* Directions for this task:
Your answer should be the lines below from the one holding "CASANDRO ARC, a" through the one holding "With its launching, the", copied exactly and with nothing else.

* Listed records:
=====
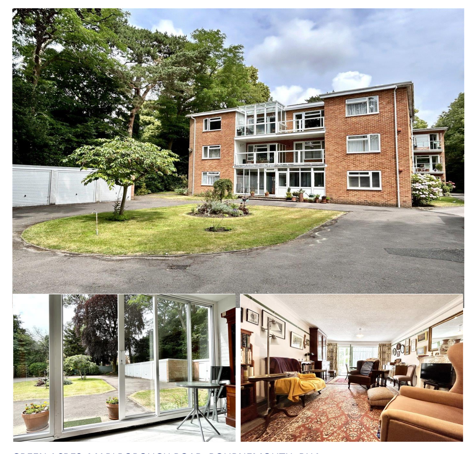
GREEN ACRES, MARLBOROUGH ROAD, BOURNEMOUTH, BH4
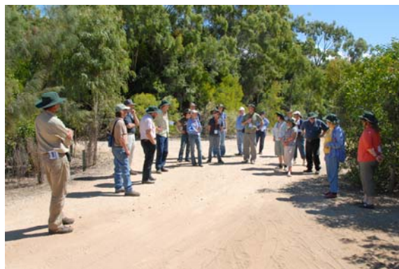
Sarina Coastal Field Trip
=====
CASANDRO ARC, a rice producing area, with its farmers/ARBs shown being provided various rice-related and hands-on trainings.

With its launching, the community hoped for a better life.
=====
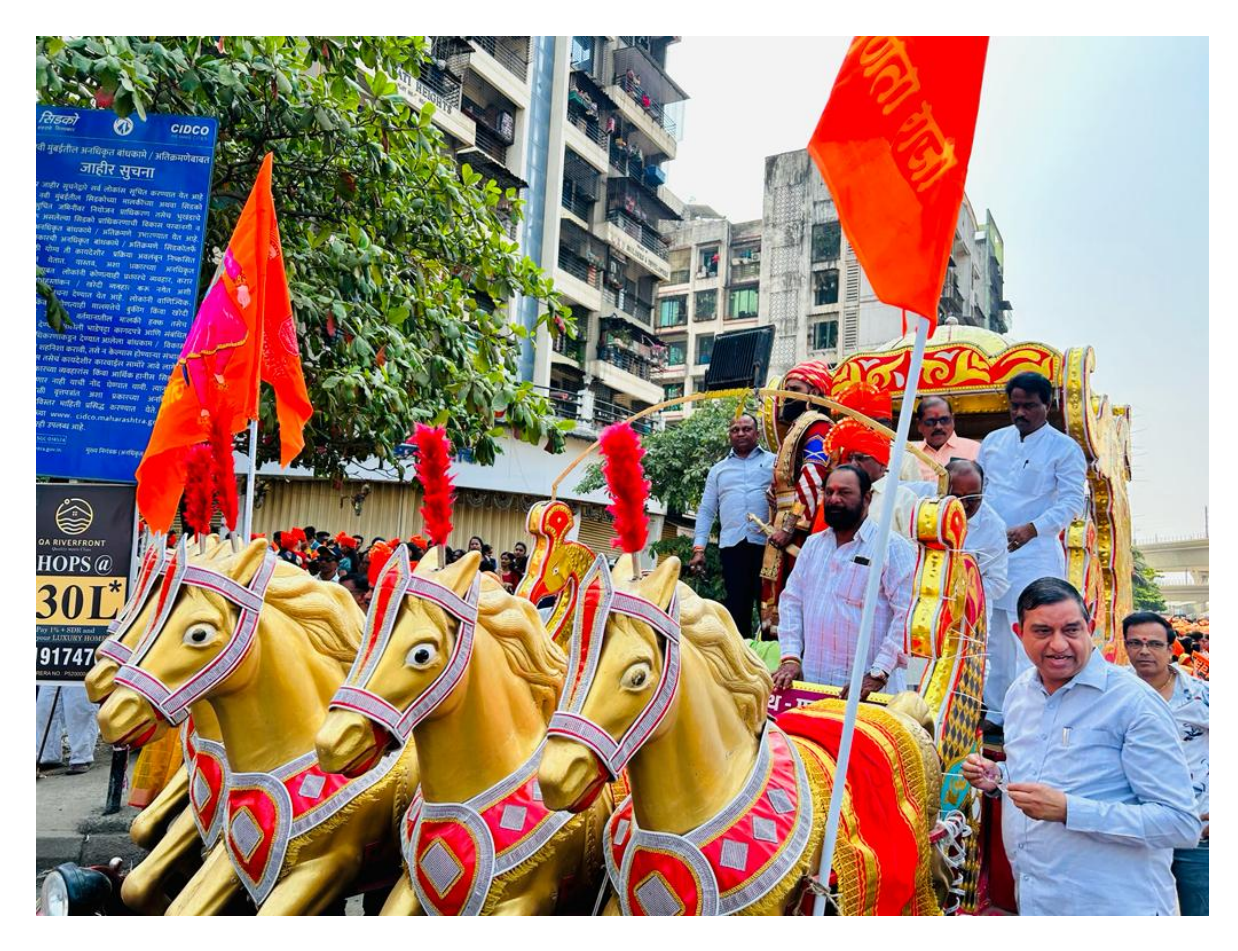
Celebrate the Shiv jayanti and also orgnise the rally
=====
* Solution for this task:
CASANDRO ARC, a rice producing area, with its farmers/ARBs shown being provided various rice-related and hands-on trainings.

With its launching, the community hoped for a better life.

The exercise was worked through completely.